Abstract

Background: Rectosigmoid endometriosis is a severe form of deep endometriosis, which may be responsible for pain symptoms and a wide range of intestinal complains such as diarrhea, constipation, and abdominal cramping. The primary objective of this study was to evaluate the efficacy of long-term therapy with dienogest (DNG), a fourth-generation progestin, for ameliorating quality of life, pain, and intestinal symptoms of patients affected by rectosigmoid endometriosis. Methods: A retrospective analysis of a prospectively collected database was done on patients with endometriotic nodules infiltrating at least the muscular layer of the rectosigmoid wall with an estimated colorectal stenosis <60%. The diagnosis of rectosigmoid endometriosis was based on transvaginal ultrasonography. Patients accepting to participate in the study received continuous oral treatment with DNG at the dose of 2 mg/day.

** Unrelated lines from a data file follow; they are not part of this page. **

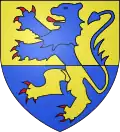 Coupé d'or et d'azur, au lion de l'un en l'autre armé et lampassé de gueules[31]. |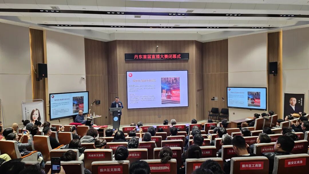 闭幕式现场流程紧凑、亮点纷呈。直播大赛总导师汇报大赛成果,学员优秀短视频作品进行集中展播,生动展现丹东的城市魅力与产业活力。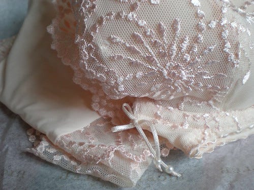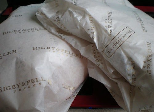 You have your own luxurious dressing room. A lovely woman brings you bras from special drawers in the perfect size for you and then puts them on you. She adjusts the straps and the way you are...filling...the cup and then you both inspect the result in the full length mirror. There is no pressure at all and once she knows what you like she goes and gets more beautiful bras and helps you try those on too. You make your choice and she then brings you a selection of matching knickers. Once you are all finished you are wafted back to the front desk and see your delicious purchases being carefully wrapped in crisp tissue paper. The transaction takes place and she hands over the cherry on the cake - the bag.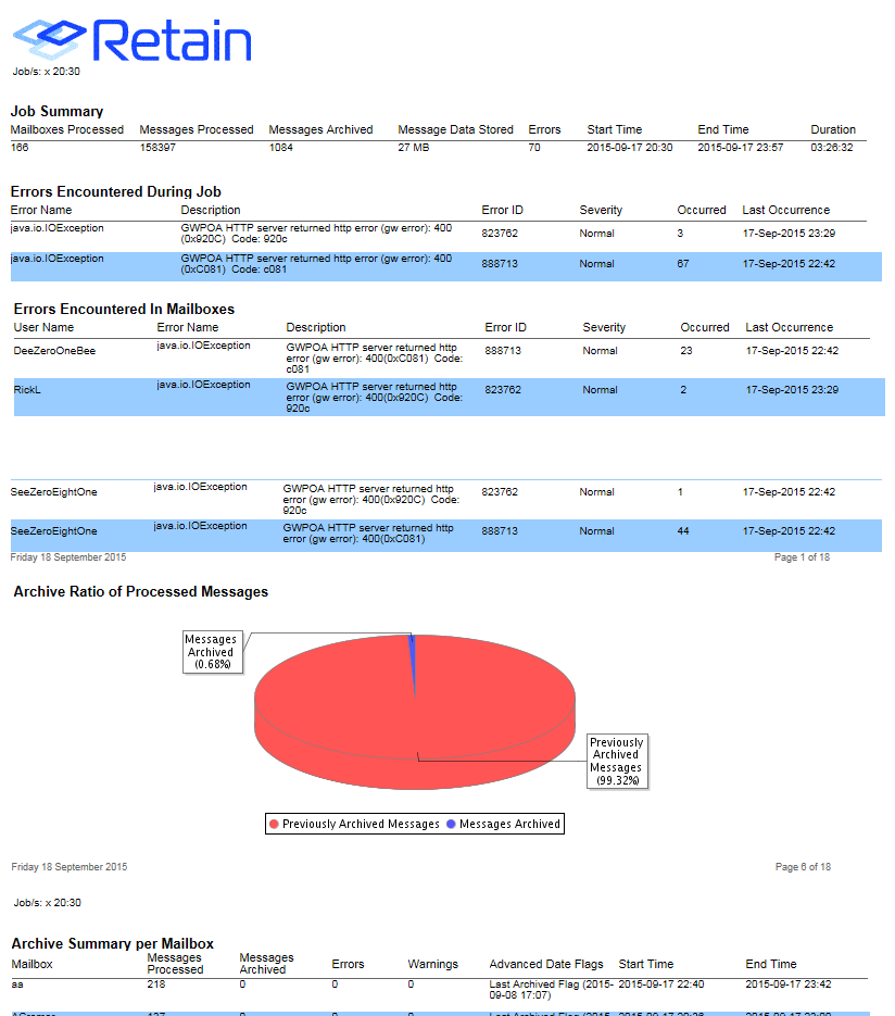 Finally, below the pie chart is a summary, by individual mailbox, of job actions. Each mailbox is displayed with the pertinent information, including the messages archived, messages processed, critical errors, a record of the advancement of message store flags, and the duration of the job in that mailbox.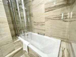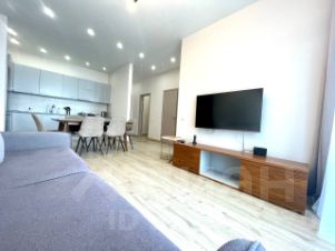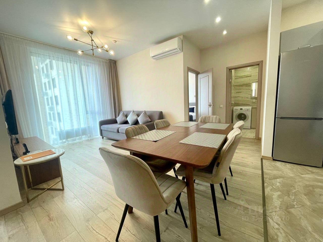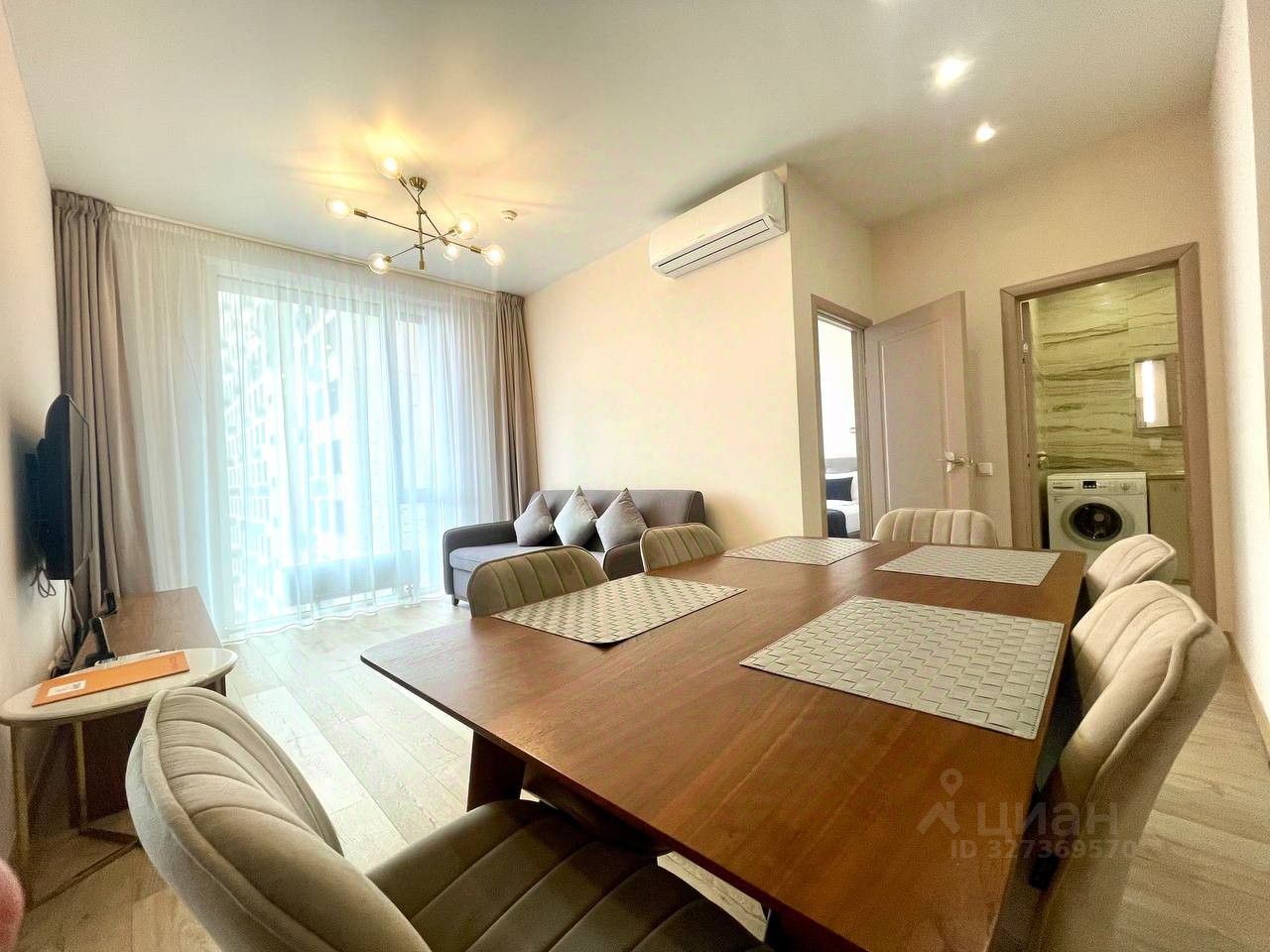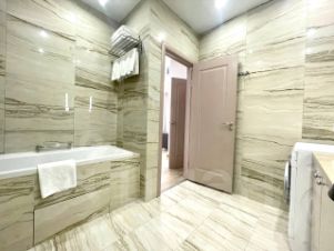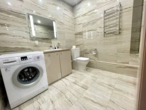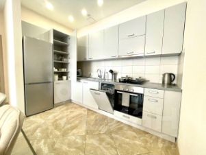 В квартире сделан современный евроремонт. Есть вся необходимая мебель на кухне и в комнате. Из техники: кондиционер, холодильник, телевизор, стиральная и посудомоечная машины. Планировка включает совмещённый и отдельный санузлы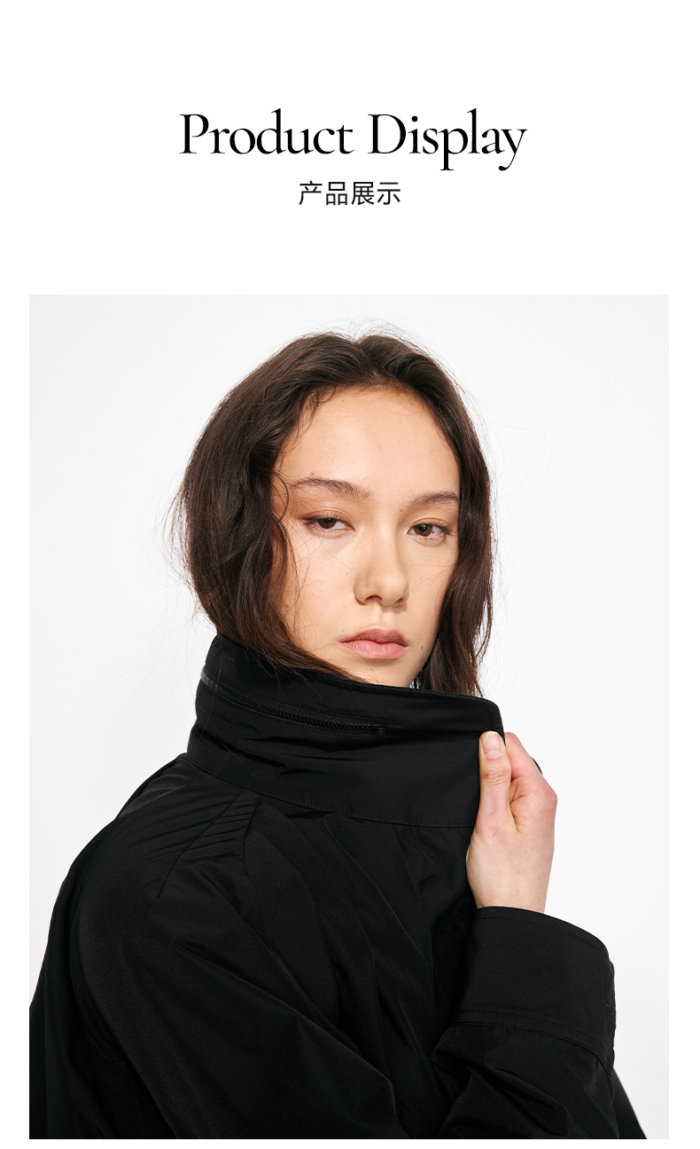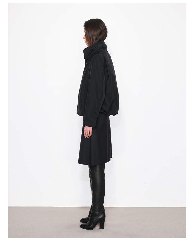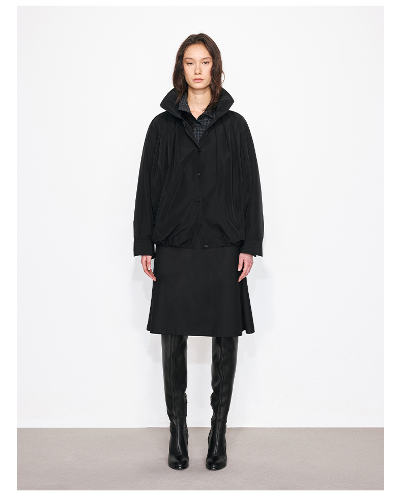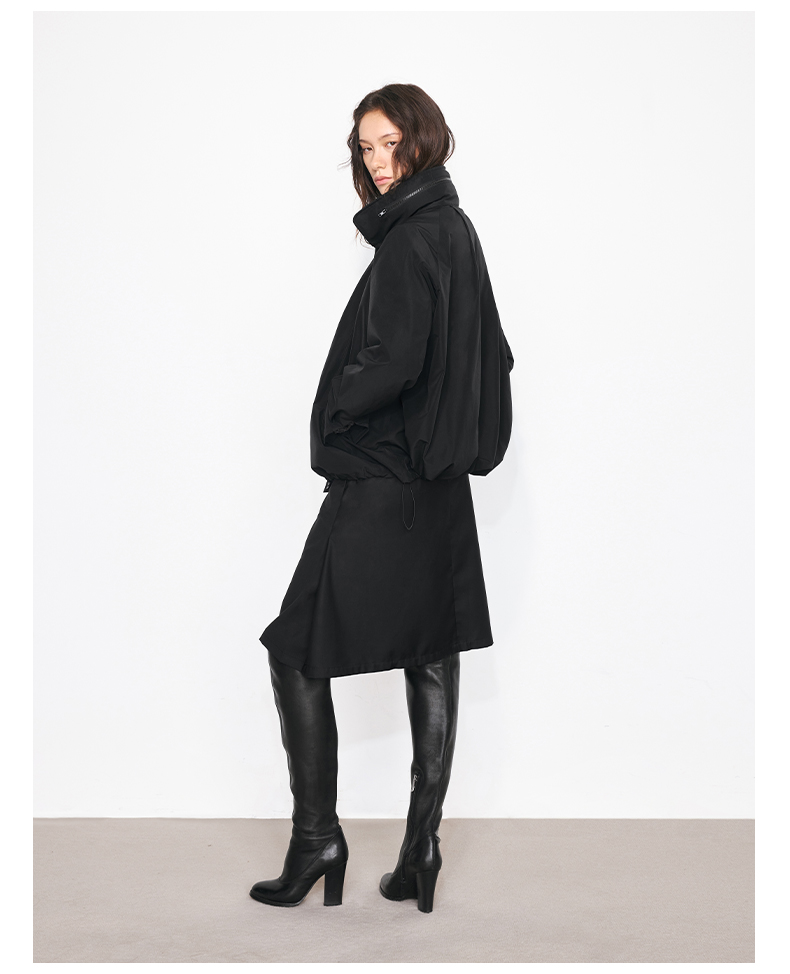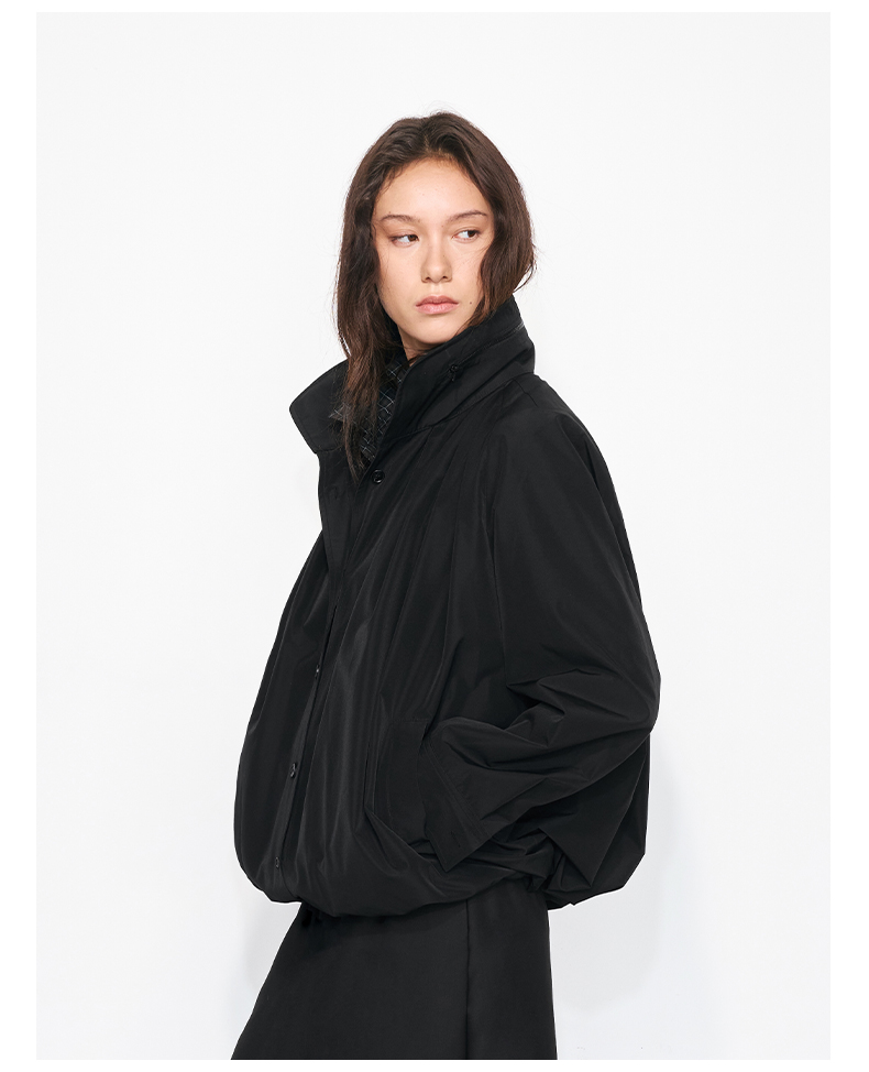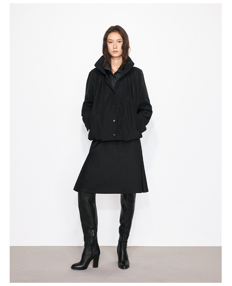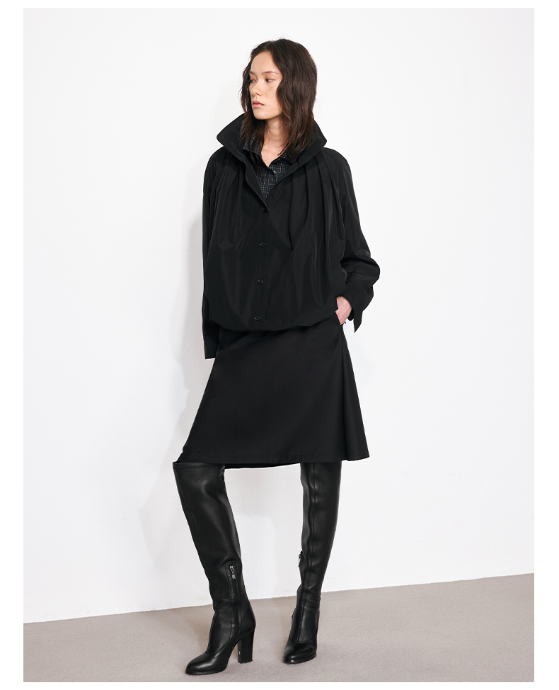 NUTH“立体褶量”黑色宽松可隐藏连帽夹克外套女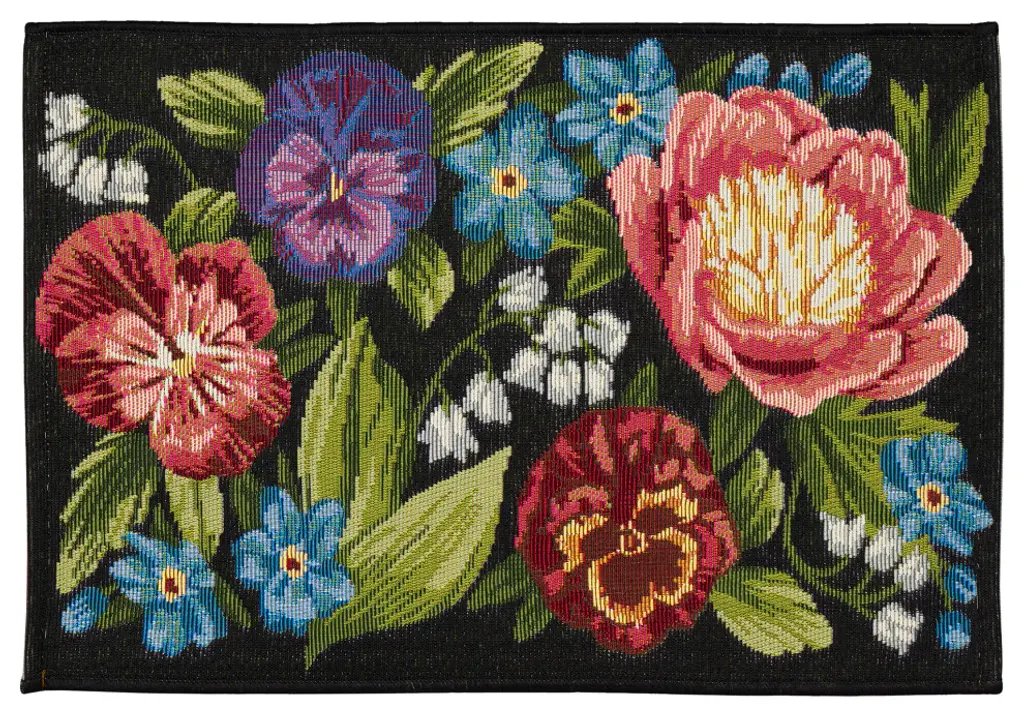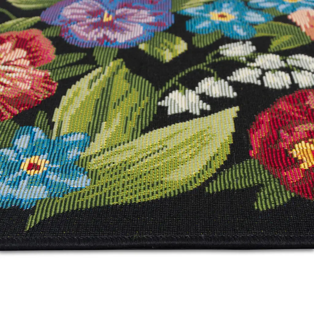 This cheerful garden mat of fully blooming flowers will brighten everyone''s day as they enter your home, in black. Made in Egypt from 75% polypropylene/25% polyester, reinforced with a latex non-skid backing, the Esencia Collection is Power Loomed to create intricate designs with a broad color spectrum and a high-quality finish. The material is flatwoven, low profile, weather resistant, UV stabilized for enhanced fade resistance, durable and ideal for those high traffic areas such as your patio, sunroom, kitchen, entryway, hallway, living room and bedroom making this the ideal indoor or outdoor rug. Detailed patterns are offered in an eclectic mix of styles ranging from tropical, coastal, geometric, contemporary and traditional designs; making these perfect accent rugs for your home. Limiting exposure to rain, moisture and direct sun will prolong rug life.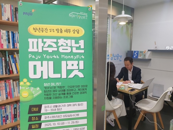 [금요저널] 파주시는 청년들의 경제 불안을 해소하고 자립 역량 강화를 지원하기 위해 10월 10일부터 11월 29일까지 청년 맞춤형 1:1 전문 재무 상담 프로그램 ‘파주청년 머니핏’을 운영하고 있다.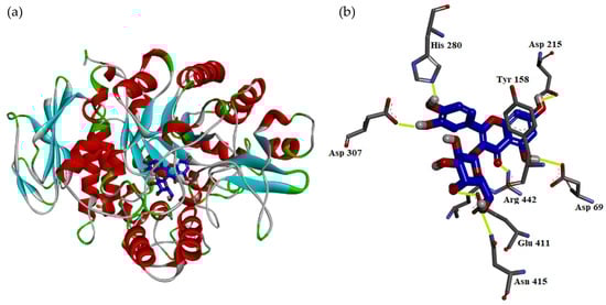 As shown in Figure 3a, the docking model of hyperoside indicated that hyperoside did not enter the active site in the flat conformation due to the narrow entrance. Alternatively, the A ring of hyperoside leaned toward the binding position of α-D-glucopyranose and the D ring of hyperoside located nearby the entrance of the active site. Importantly, hyperoside made some significant hydrophilic interactions, including the following: (1) the 5-hydroxyl and 7-hydroxyl groups on the A ring both served as the H-bond donors to interact with Asp 69 and Asp 215, respectively; (2) the 4-keto group on the B ring behaved as the H-bond acceptor to make contact with Arg 442; (3) both 3′-hydroxyl and 4′-hydroxyl groups on the A ring acted as the H-bond donors to interact with His 280 and Asp 307 respectively; and (4) the 5′′-hydroxyl group on the D ring acted as the H-bond donor to interact with Glu 411 and the 6′′-hydroxymehtyl group also on the D ring behaved as the H-bond acceptor to contact with the amido side chain of Asn 415. Apart from hydrophilic interaction, hyperoside also made important hydrophobic contact: the π–π interaction between its B ring and Tyr 158.

Results: At the end of the first year of treatment, a significant decrease in dysmenorrhea (P < 0.001), chronic pelvic pain (P < 0.001), dyspareunia (P < 0.001), dyschezia (P < 0.001), and in intestinal symptoms (P < 0.001) was observed. A progressive increase of the Endometriosis Health Profile-30 (EHP-30) and Gastrointestinal Quality of Life Index (GIQLI) scores was observed in the first two years of therapy (P < 0.001 and P < 0.001, respectively). Improvements of patients’ symptoms and quality of life were maintained until the end of the study. The regimen was well tolerated, and the frequency and amount of irregular bleeding decreased as treatment progressed. Conclusion: The current study confirms the efficacy of long-term therapy with DNG for treating symptoms caused by rectosigmoid endometriosis.

Highlights

  • Rectosigmoid endometriosis is defined by the presence of deep endometriotic nodules infiltrating at least the muscularis propria of the rectosigmoid wall; it may affect between 4% and 37% of women with endometriosis [1,2]

  • The diagnosis of rectosigmoid endometriosis was based on transvaginal ultrasonography (TVS)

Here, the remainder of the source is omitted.